Nygaard James P Jr 4
4 · Core Scientific, Inc./tx · Filed Mar 19, 2026
Research Summary
AI-generated summary of this filing
Core Scientific (CORZ) CFO James P. Nygaard Jr. Sells 92,725 Shares
What Happened
- James P. Nygaard Jr., Chief Financial Officer of Core Scientific, had 92,725 shares disposed (withheld) on March 17, 2026 at $16.42 per share, totaling $1,522,545. This disposition reflects shares withheld to satisfy withholding tax obligations upon the vesting of restricted stock units (RSUs), i.e., a tax-withholding transaction rather than an open-market sale.
Key Details
- Transaction date: 2026-03-17; price: $16.42 per share; shares withheld/disposed: 92,725; aggregate value: $1,522,545.
- Shares owned after transaction: Not specified in the provided Form 4.
- Footnotes: F1 confirms shares were withheld to satisfy tax withholding on RSU vesting.
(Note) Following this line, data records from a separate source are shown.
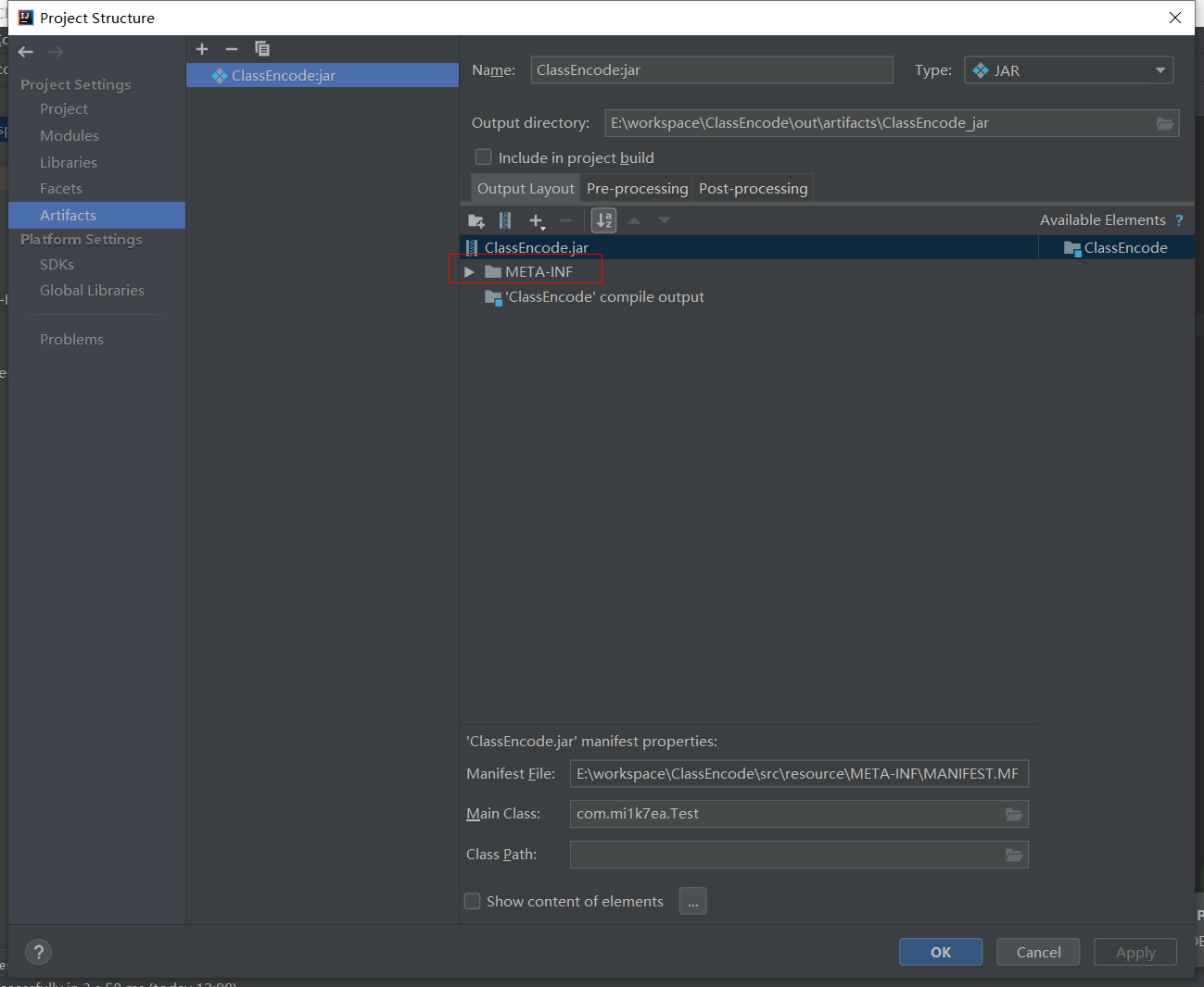 设置完之后,此时应该也必须有META-INF此文件,不然会运行错误。若JAR files from libraries选择src/main/resources目录,是没有META-INF文件的。Output directory是jar包的保存目录: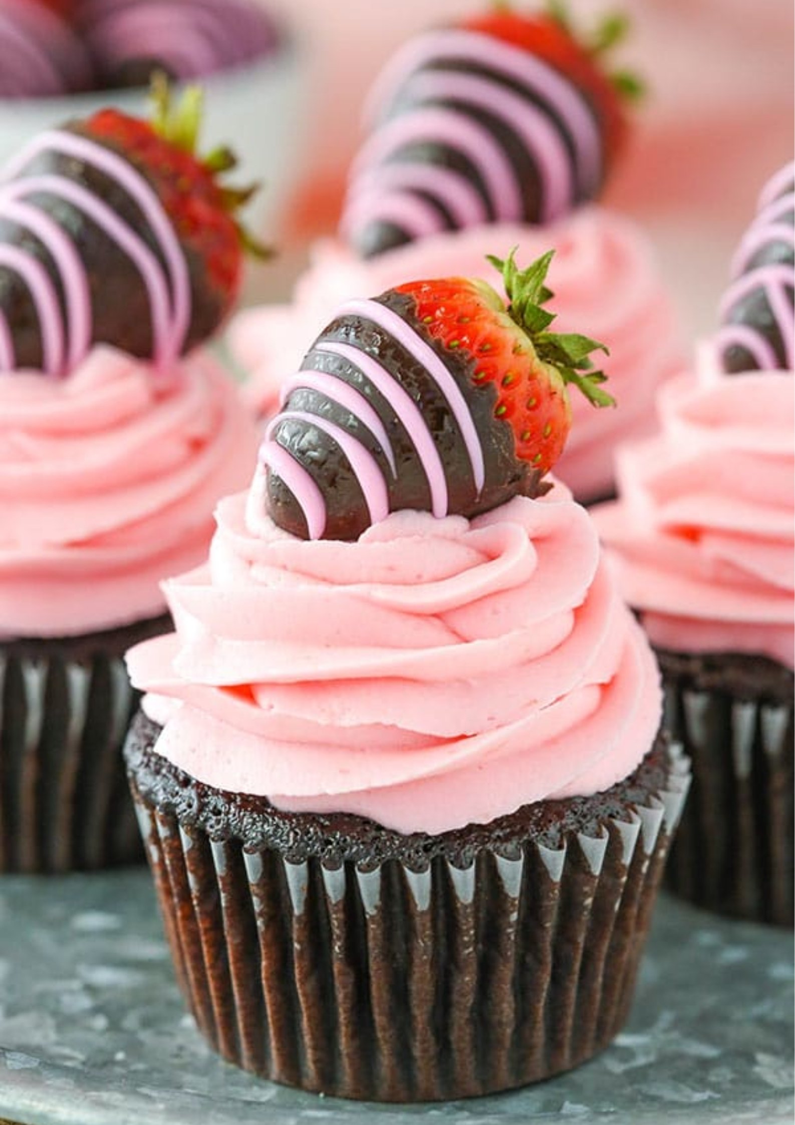These Chocolate Covered Strawberry Cupcakes are made with a moist chocolate cupcake recipe, fresh strawberry frosting and delicious chocolate covered strawberries.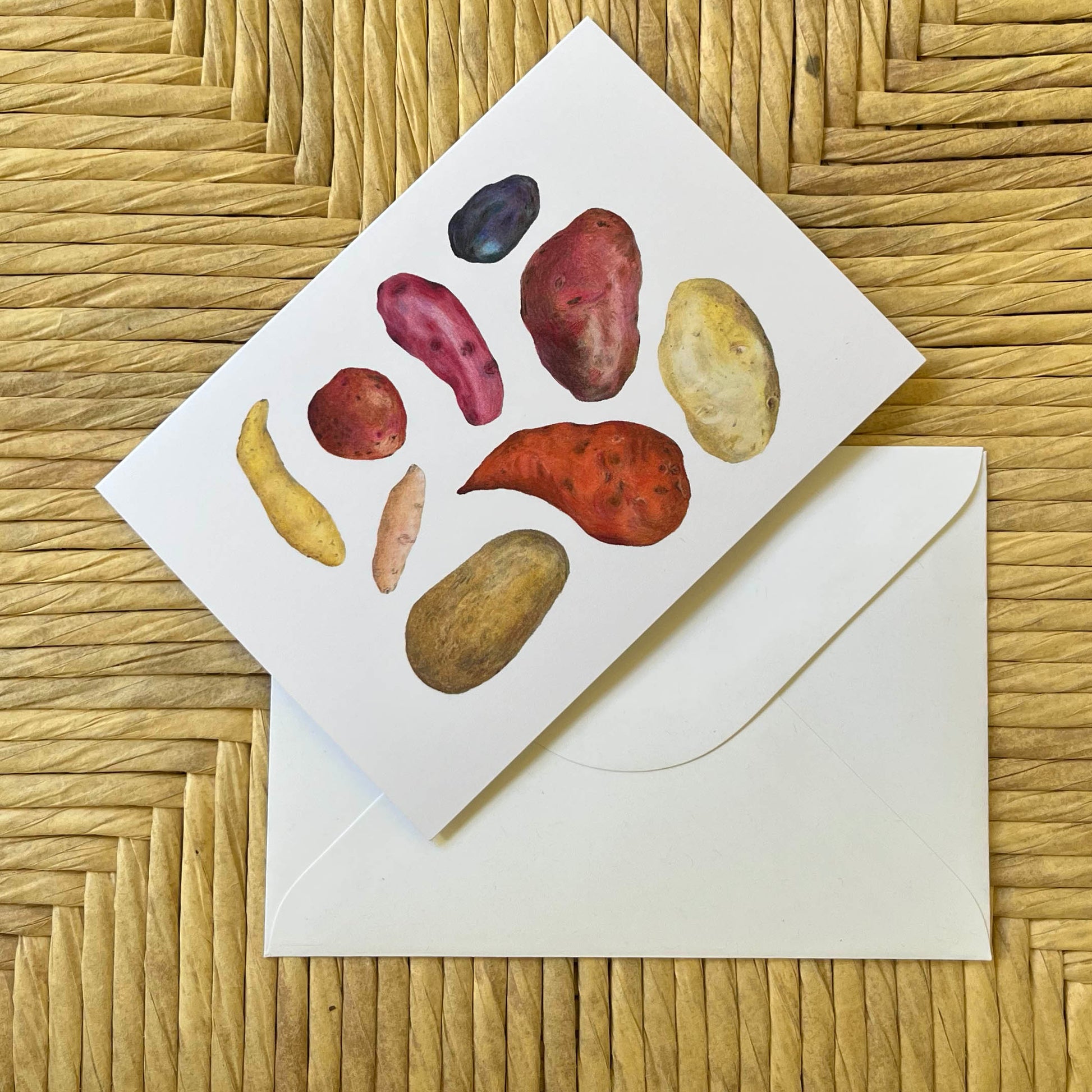 Produce hand drawn with Prismacolor pencil, printed on sustainably sourced 16pt paper, satin finish outside, blank uncoated inside. With envelope, of course.

F2 notes prior acquisitions of small lots of stock (3,555 and 336 shares) received in 2025 via in‑kind distributions exempt under Rule 16a‑9.
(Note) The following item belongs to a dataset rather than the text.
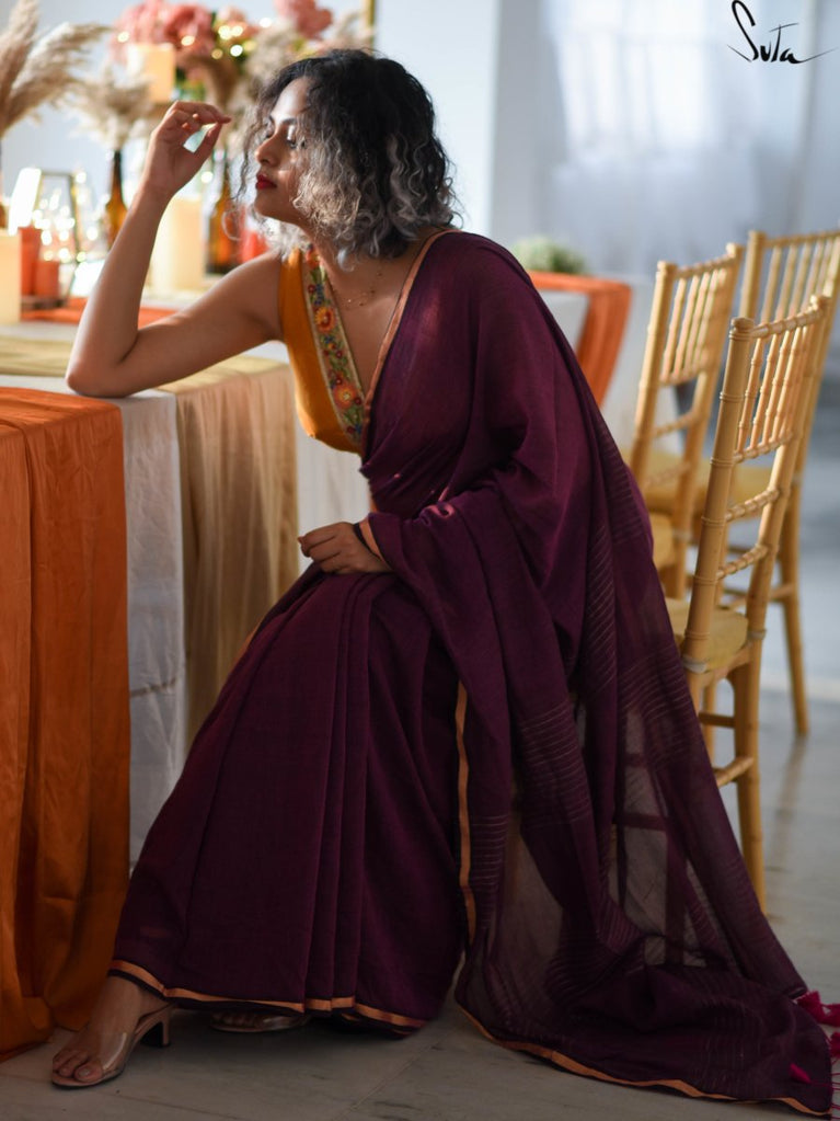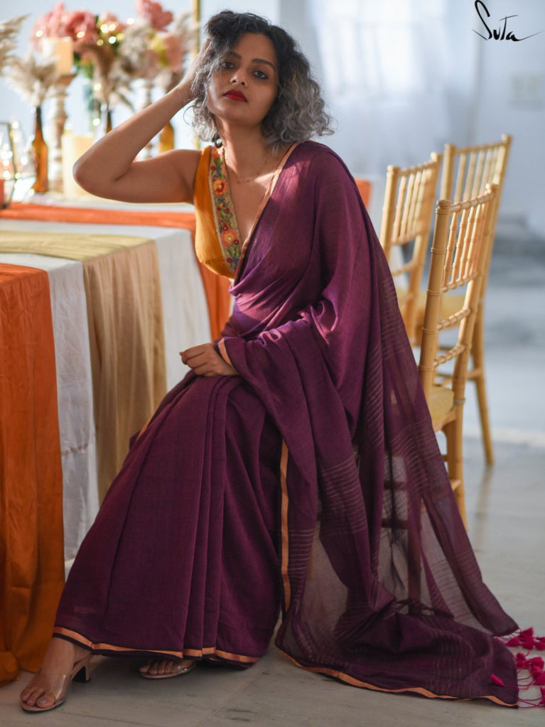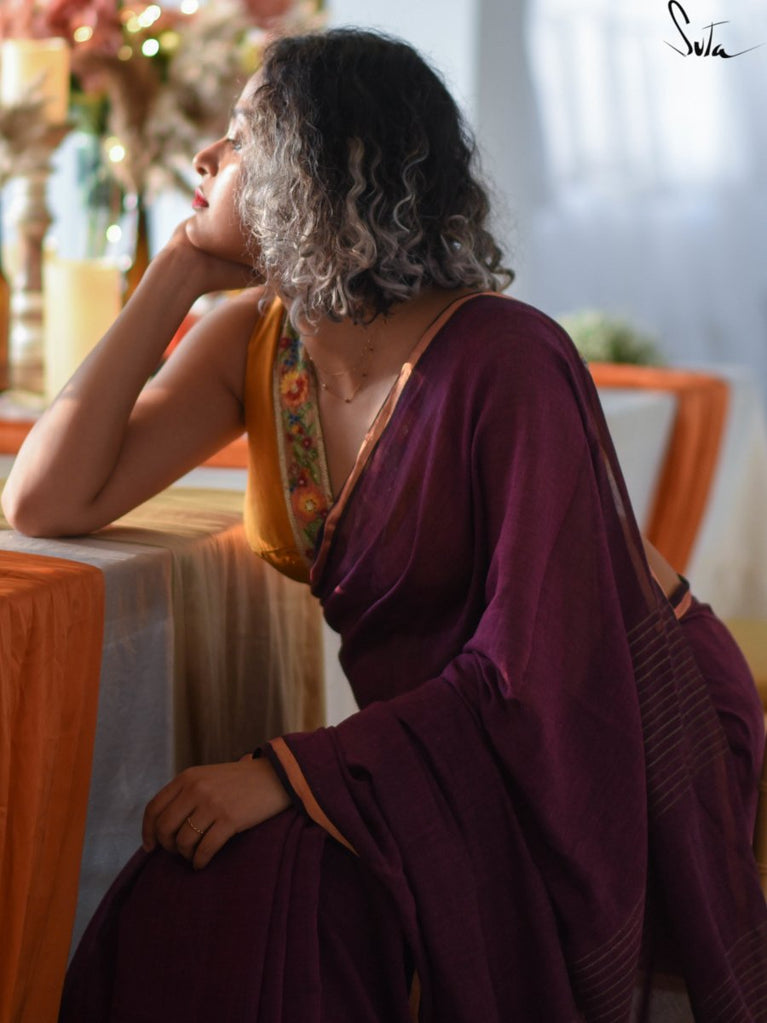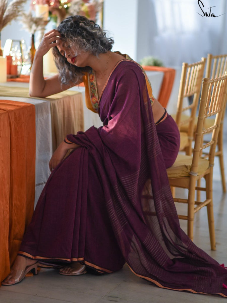 Inspired by the first ray of dawn, Dancing Dhoop makes you dance with joy. This Purple and magenta mul cotton saree brings two bright moods in one soft drape.Woven zari lines grace the pallu, while orange accents add a playful charm to the saree. Pink and purple tassels at the edges bring a touch of cheer. This piece is perfect for breezy brunches and carefree evenings.

- Filing timeliness: Report filed on 2026-03-19 for a 2026-03-17 transaction — appears timely (within the Form 4 reporting window).
Context
- Withholding to cover taxes on vested RSUs is routine and does not necessarily indicate a decision to sell holdings in the open market; it’s an administrative disposition to satisfy tax obligations.
- This was not a market sale or purchase input by the insider; retail investors typically view withholding transactions as neutral for assessing insider sentiment.
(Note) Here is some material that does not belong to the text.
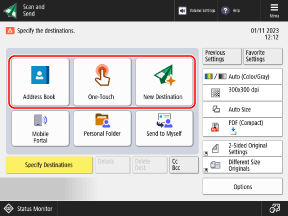 You can press [Previous Settings] to recall the settings used to send scanned data in the past. The sending destination is also applied together with the settings that are called up.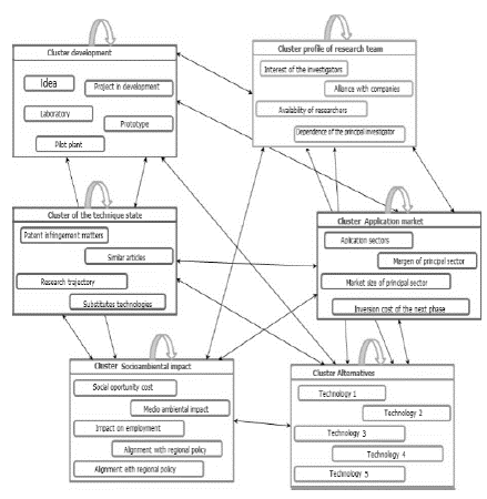 In the particular case of Technology No. 1, several types of prevalence were identified: in the Development state cluster, it was the lab element because the technology is at that stage. In the Research Team Profile cluster, it was the inventor availability. In the cluster State of the Technique, substitute technologies dominated. In the Market and Application cluster, sectors of application and market size dominated.

Insider Transaction Report
Form 4
Nygaard James P Jr
EVP, Chief Financial Officer
Transactions
- Tax Payment
Common Stock
[F1][F2]2026-03-17$16.42/sh−92,725$1,522,545→ 928,928 total
Footnotes (2)
- [F1]Represents shares withheld to satisfy withholding tax obligations upon the vesting of restricted stock units.
- [F2]Reported amount reflects the acquisition of 3,555 shares of Common Stock and the acquisition of 336 shares of Common Stock that the Reporting Person received on July 17, 2025 and December 24, 2025, respectively, for no consideration in connection with in-kind distributions by XMS XPDI Sponsor Holdings LLC, which were exempt from Section 16 of the Securities Exchange Act of 1934, as amended (the "Exchange Act"), pursuant to Rule 16a-9 under the Exchange Act.